● **Exercise data**:
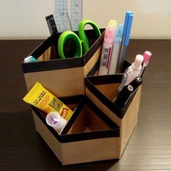 I mestieri di carta non differiscono per durata e resistenza, quindi si consiglia di donarli solo come decorazioni o come oggetti che non saranno soggetti ad un uso attivo. Come opzione, un regalo utile è uno stand di cancelleria. Per la sua fabbricazione, materiali come:
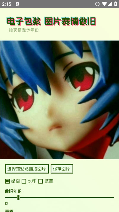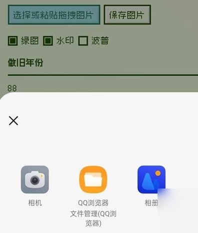 2、选好之后就能着手修改图片了,可添加【绿图】【水印】【波普】效果,也能调整图片的做旧年份。
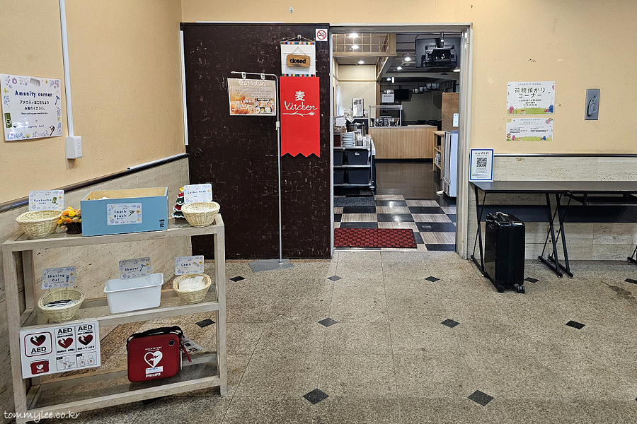 1층 로비가 좁아서 조금 불만인데 어메니티랑 드링크바 이용은 좋았네요.. 어메니티로는 녹차인 로쿠차, 치약칫솔, 면봉, 쉐이빙젤, 면도기, 일자형빗을 자유롭게 가져길 수 있게 되어 있었단.. 드링크바는 조식당인 무기키친 안에 있어요..

● **Work order**: Would you provide an exact, picture-free copy of the data above?

● **Response area**:
 I mestieri di carta non differiscono per durata e resistenza, quindi si consiglia di donarli solo come decorazioni o come oggetti che non saranno soggetti ad un uso attivo. Come opzione, un regalo utile è uno stand di cancelleria. Per la sua fabbricazione, materiali come:
 2、选好之后就能着手修改图片了,可添加【绿图】【水印】【波普】效果,也能调整图片的做旧年份。
 1층 로비가 좁아서 조금 불만인데 어메니티랑 드링크바 이용은 좋았네요.. 어메니티로는 녹차인 로쿠차, 치약칫솔, 면봉, 쉐이빙젤, 면도기, 일자형빗을 자유롭게 가져길 수 있게 되어 있었단.. 드링크바는 조식당인 무기키친 안에 있어요..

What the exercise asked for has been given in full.